Output, exactly as written, the lines below from the one that has "PIDEN apoyo a" through the one that has "Fiat Uproad: der"; nothing else, and no pictures.
== RAW DATA
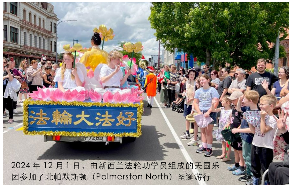
2024年12月1日，由新西兰法轮功学员组成的天国乐团参加了北帕默斯顿（Palmerston North）圣诞游行
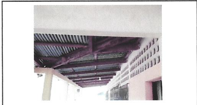
CAMBIO DE ESTRUCTURA EN CORREDOR
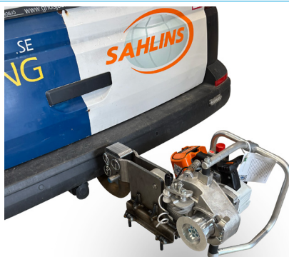
Tilhengerfeste- og kabelstige innfesting
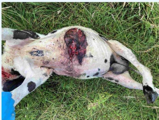
schaap 2 verwonding 2.JPG
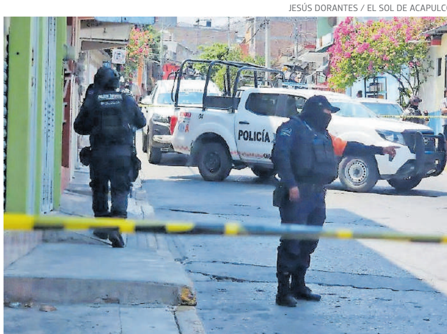
Autoridades investigan el caso.

PIDEN apoyo a la presidenta Sheinbaum y a la gobernadora Salgado para frenar la violencia.
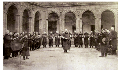
A Banda Municipal de Música de Santiago de Compostela ( Vida Gallega , 1909)
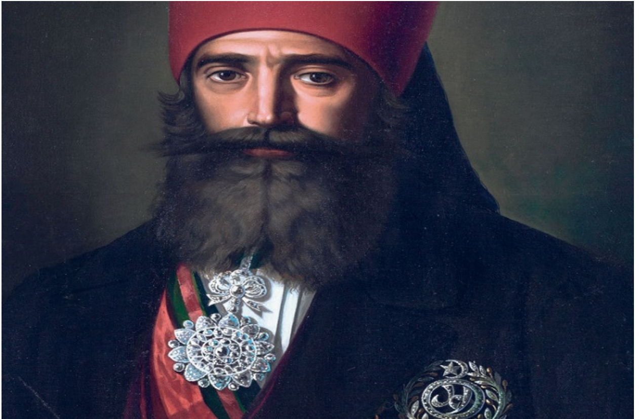
أحمدباي حاكم تونس

وفي تلك الفترة كان يوجد صنفان من العبيد في تونس، حيث وجدت فئة عرفت بالرقيق الأبيض، وتشمل في معظمها نساء وأطفال بيض البشرة وقع اختطافهم عن طريق القرصنة البحريّة، وكان عدد من أولئك النساء والأطفال يباع في سوق العبيد، ويفتدى قسم ثان منهم، فيما يلحق قسم ثالث للعمل بمؤسسة الحكم، وقد ارتقى عدد من الملحقين بالقصر إلى رتب عالية في الدولة كما أنجب عدد من البايات أطفالاً من جوارى مختطفات.
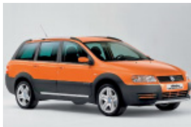
Fiat Uproad: der bullige Offroader für Freizeit und Abenteuer.

Schweizer Premiere feiert der Fiat Stilo Uproad am diesjährigen Genfer Automobilsalon. Auf Schweizer Strassen wird das komfortable Freizeitauto mit modernem, leistungstarkem 1.9-JTD-Common-Rail-Multijet-Diesel mit 140 PS ab Juni 2005 zu sehen sein. Eine reiche Sicherheitsausrüstung und vollständiger Komfort, sein spezielles Äusseres machen den Uproad zum eigentlichen Freizeit- und Abenteuerfahrzeug, das ab rund 34 000 Franken erhältlich sein wird.
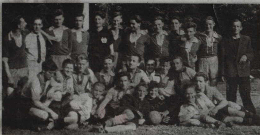
Pogoń Gardeja, drużyna piłki nożnej z lat 50. ubiegłego wieku.
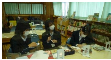
展示の相談、POP・しおりの作成
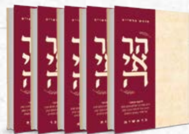
חומש הראי"ה | 5 כרכים

אלי שיינפלד התמודדות רוחנית ועצות מעשיות מתוך גישה נכונה לנושא היצר
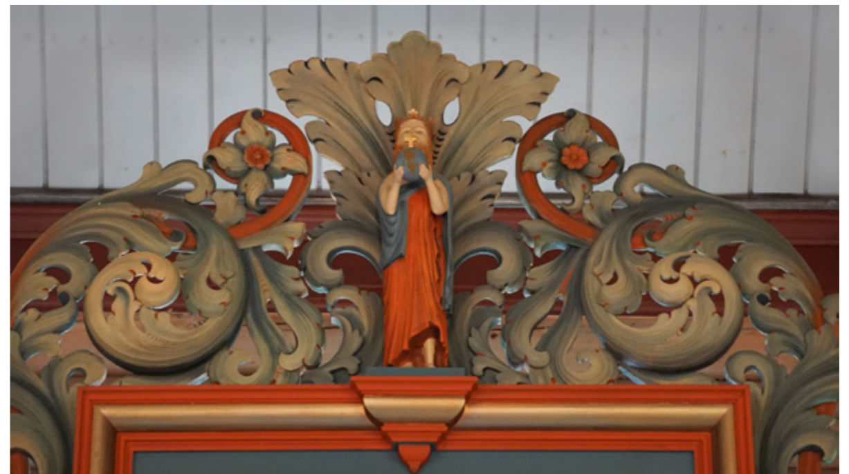
Den sigrande Kristus frå altertavla i Lidar.
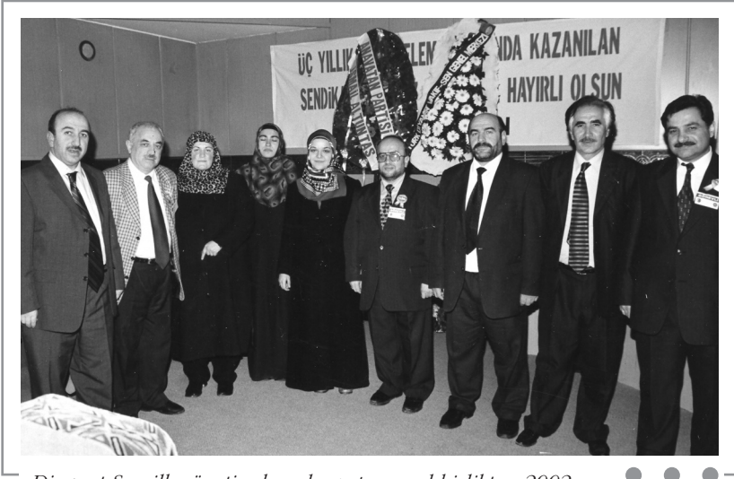
Diyanet-Sen ilk yönetim kurulu ve personel birlikte - 2002
====
**FINISHED EXERCISE**
PIDEN apoyo a la presidenta Sheinbaum y a la gobernadora Salgado para frenar la violencia.
A Banda Municipal de Música de Santiago de Compostela ( Vida Gallega , 1909)
أحمدباي حاكم تونس

وفي تلك الفترة كان يوجد صنفان من العبيد في تونس، حيث وجدت فئة عرفت بالرقيق الأبيض، وتشمل في معظمها نساء وأطفال بيض البشرة وقع اختطافهم عن طريق القرصنة البحريّة، وكان عدد من أولئك النساء والأطفال يباع في سوق العبيد، ويفتدى قسم ثان منهم، فيما يلحق قسم ثالث للعمل بمؤسسة الحكم، وقد ارتقى عدد من الملحقين بالقصر إلى رتب عالية في الدولة كما أنجب عدد من البايات أطفالاً من جوارى مختطفات.
Fiat Uproad: der bullige Offroader für Freizeit und Abenteuer.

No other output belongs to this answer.